Ich würde Jake Paul auf jeden Fall als Profiboxer bezeichnen und ihn – Stand jetzt – irgendwo im erweiterten Top-100-Bereich im Cruisergewicht sehen. Er hat krasse Rahmenbedingungen (Geld, Trainer, Sparring, Sportwissenschaft), ist athletisch, kann schlagen und arbeitet offensichtlich hart. Dazu kommt ein dickes Selbstbewusstsein und Routine auf großer Bühne. Das reicht, um aus einem Ex-YouTuber einen soliden Profi zu machen – aber nicht automatisch zum Weltklassemann. Technisch/taktisch fehlt ihm im Vergleich zur Spitze noch einiges, und der echte Härtetest gegen Topgegner steht im Grunde noch aus.
Beispiele wie Deontay Wilder oder Fabio Wardley zeigen zwar, dass man auch mit spätem Einstieg und ohne große Amateurkarriere sehr weit kommen kann, aber das sind absolute Ausnahmen: Beide haben noch einmal deutlich extremere physische Voraussetzungen und brutale Schlagkraft, die sie schnell in Weltklasse-Regionen katapultiert haben – ein Weg, den ich bei Jake Paul in dieser Form eher nicht sehe.

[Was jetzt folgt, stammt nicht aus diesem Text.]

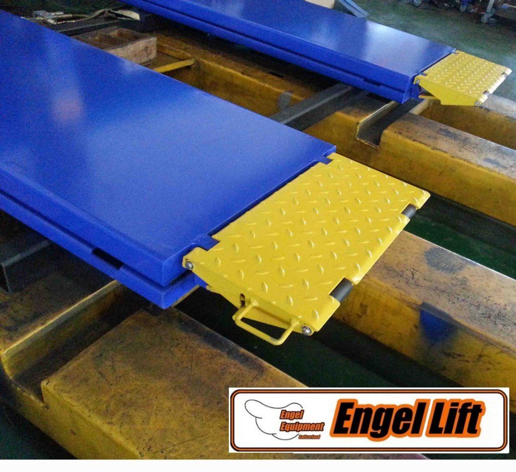 diese komplette scheren wird schön eingelassen im Bodenrahmen und gewährt ein stabile geleidung während der Hubvorgang, Fazit ein sehr, sehr stabile scheren hebebühne und trotzdem sehr Bodenniedig , eigene Bauhöhe ist nur 140 mm., und Sie haben der Wahl aus zwei verschiedene Arten von Auffahrrampen.
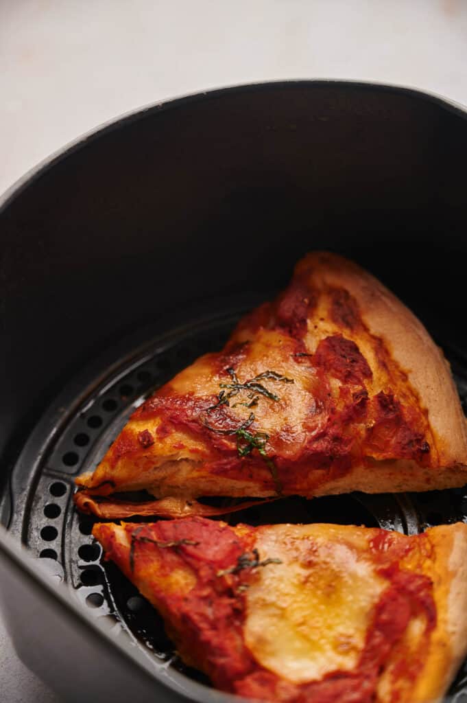 - Add your pizza to the air fryer basket and cook for approximately 3 – 8 minutes, depending on the type of pizza you’re cooking. Check the pizza after 3 minutes to determine if you need to cook longer. Once cooked, remove from the air fryer basket, serve immediately and enjoy!1 Slice Cold pizza
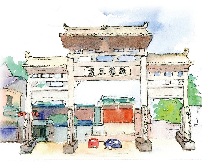 龙瑞粥城前的探花及第牌坊送迎着每一位食客与游人
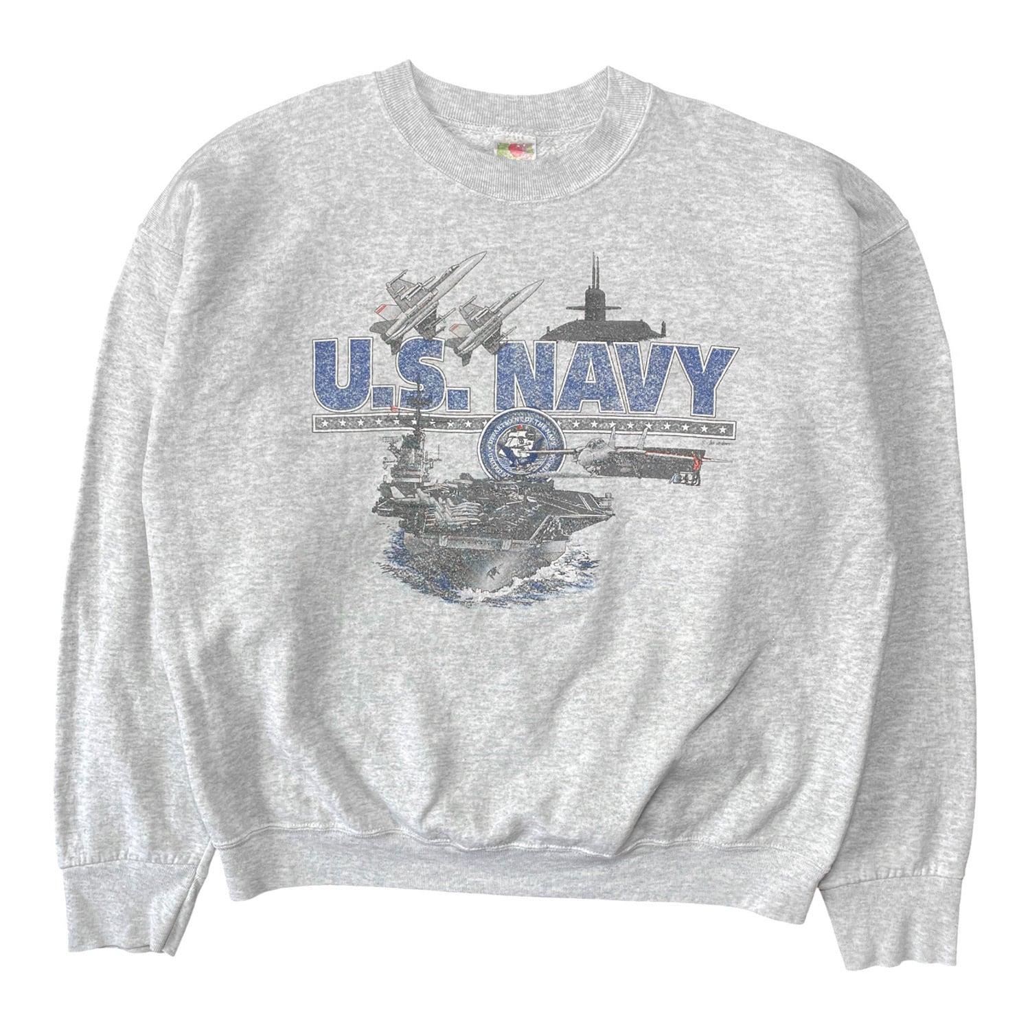 USA 古着 U.S. NAVY 海軍 ミリタリー スウェット トレーナー プリント グレー メンズXL クルーネック BD2746

Beim Joshua-Kampf bin ich extrem nüchtern: Aus Sicht eines erweiterten Top-100-Cruisers sind seine Chancen minimal. Joshua ist ein großer, eingespielter Ex-Weltmeister im Schwergewicht, mit deutlich mehr Erfahrung und Qualität. In einem normalen Profikampf gewinnt Joshua das in meinen Augen fast immer und meistens vorzeitig. Jake hat eine sehr kleine Puncher’s Chance – mehr nicht. Realistisch geht es für ihn eher darum, nicht komplett unterzugehen und ein paar respektable Momente zu haben, als darum, dass er eine echte, ernsthafte Gewinnwahrscheinlichkeit hätte.